▶ [What is needed]
An exact restatement is required. Cover only the lines of the records from the first through the line with "динамичното градско ежедневие.", and skip pictures.

▶ [Data]

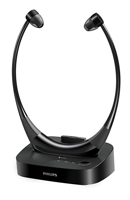 Philips SSC5001/10 Wireless AudioBoost TV Headphones, Recharging Docking Station, Optical Cable – Black
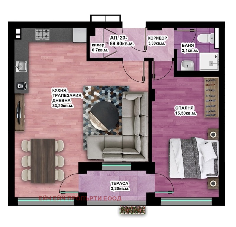 ✨ Просторен двустаен апартамент с площ от 79.6 кв.м на 6-ти етаж от 8! Този апартамент е перфектен за тези, които търсят светло, функционално и модерно жилище. Намира се в сграда с високо качество на строителството, предлагайки уют и комфорт в динамичното градско ежедневие.
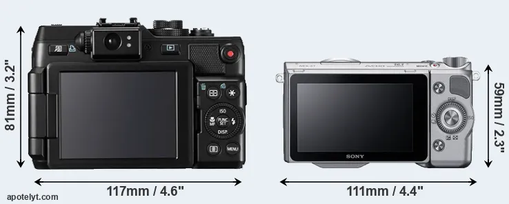 The above size and weight comparisons are to some extent incomplete and possibly misleading, as the G1X has a lens built in, whereas the NEX-5T is an interchangeable lens camera that requires a separate lens. Attaching the latter will add extra weight and bulk to the setup. You can compare the optics available for the NEX-5T and their specifications in the Sony E-Mount Lens Catalog.
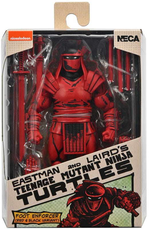 Denne Foot Enforcer-actionfigur har et spændende nyt rødt og sort farveskema. Den omfatter en tredelt stav, ninjato, sommerfuglesværd, naginata og fire sæt udskiftelige hænder. Dette NECA-samleobjekt leveres i en særlig vinduesæske med tegneserietema illustreret af Kevin Eastman.
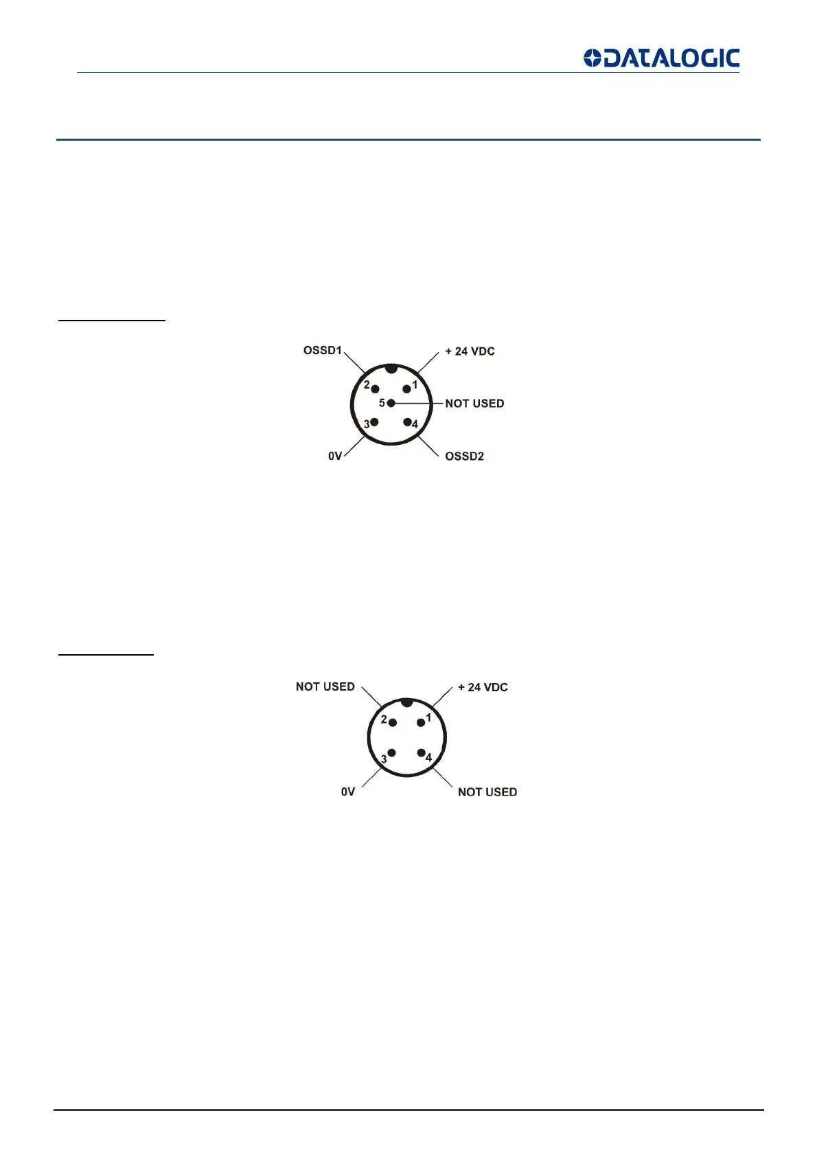 For receiver a M12 5-poles connector is used, while for emitter a M12 4-poles connector is used.
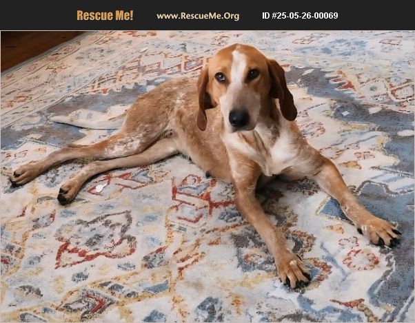 Very sweet young Redtick coonhound. She is great with kids and other dogs. She showed up on our property looking starved. We have got her weight up. I believe she use to be a hunting dog. She loves being in the woods and does alert for when she finds animals. My dad is older and cannot provide her the exercise or trips in the woods that she wants and needs.

▶ [Problem solution]
 Philips SSC5001/10 Wireless AudioBoost TV Headphones, Recharging Docking Station, Optical Cable – Black
 ✨ Просторен двустаен апартамент с площ от 79.6 кв.м на 6-ти етаж от 8! Този апартамент е перфектен за тези, които търсят светло, функционално и модерно жилище. Намира се в сграда с високо качество на строителството, предлагайки уют и комфорт в динамичното градско ежедневие.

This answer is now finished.